▶ _About this task_
For this exercise, output the entries below exactly from the line that holds "1.采用盘坐式,两手自然覆按" to the line that holds "La table Jason", both ends included. No pictures belong in the copy.

▶ _Records for the exercise_

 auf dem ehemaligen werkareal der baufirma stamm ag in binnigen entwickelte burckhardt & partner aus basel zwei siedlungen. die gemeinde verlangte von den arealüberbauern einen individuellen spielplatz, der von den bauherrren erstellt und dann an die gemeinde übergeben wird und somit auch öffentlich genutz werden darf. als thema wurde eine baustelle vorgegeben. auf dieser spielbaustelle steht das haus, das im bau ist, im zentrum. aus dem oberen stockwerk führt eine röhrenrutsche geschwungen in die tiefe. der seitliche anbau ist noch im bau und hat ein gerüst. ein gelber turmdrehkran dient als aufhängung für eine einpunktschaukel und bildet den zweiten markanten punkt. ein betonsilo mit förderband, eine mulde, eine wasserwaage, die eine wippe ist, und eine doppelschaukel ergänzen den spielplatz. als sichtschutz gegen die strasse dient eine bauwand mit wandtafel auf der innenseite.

* * *

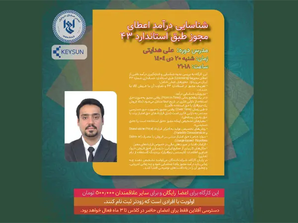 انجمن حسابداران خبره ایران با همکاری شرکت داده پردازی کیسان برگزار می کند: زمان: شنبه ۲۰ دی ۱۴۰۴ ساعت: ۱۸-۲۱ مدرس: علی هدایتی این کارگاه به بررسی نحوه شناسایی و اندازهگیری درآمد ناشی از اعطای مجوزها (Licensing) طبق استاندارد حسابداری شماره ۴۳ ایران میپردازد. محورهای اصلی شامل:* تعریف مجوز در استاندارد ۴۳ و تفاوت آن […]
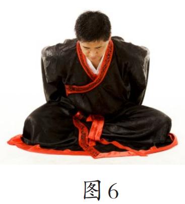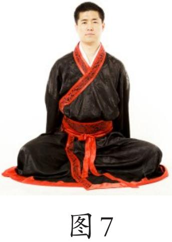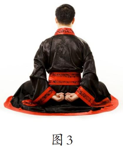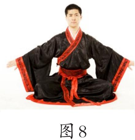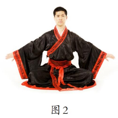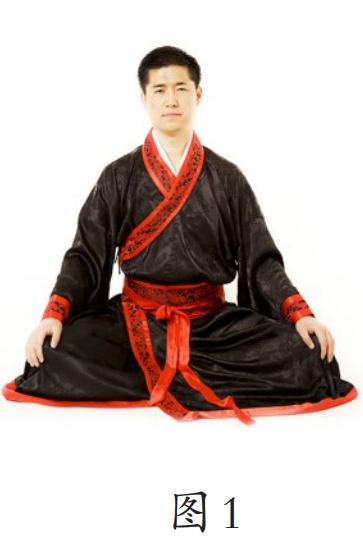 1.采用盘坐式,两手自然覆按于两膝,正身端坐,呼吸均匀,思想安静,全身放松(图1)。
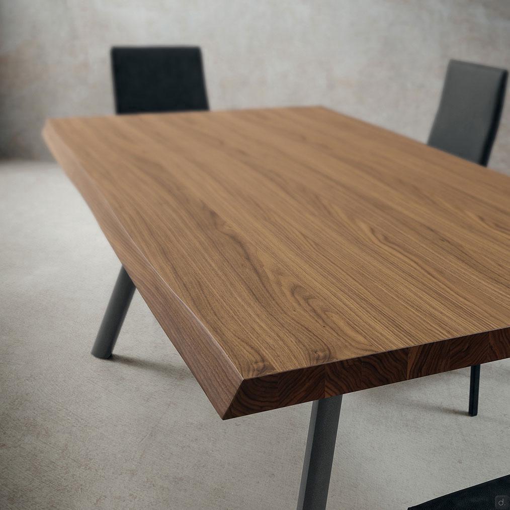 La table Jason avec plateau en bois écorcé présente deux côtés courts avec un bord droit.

▶ _Task solution_
 1.采用盘坐式,两手自然覆按于两膝,正身端坐,呼吸均匀,思想安静,全身放松(图1)。
 La table Jason avec plateau en bois écorcé présente deux côtés courts avec un bord droit.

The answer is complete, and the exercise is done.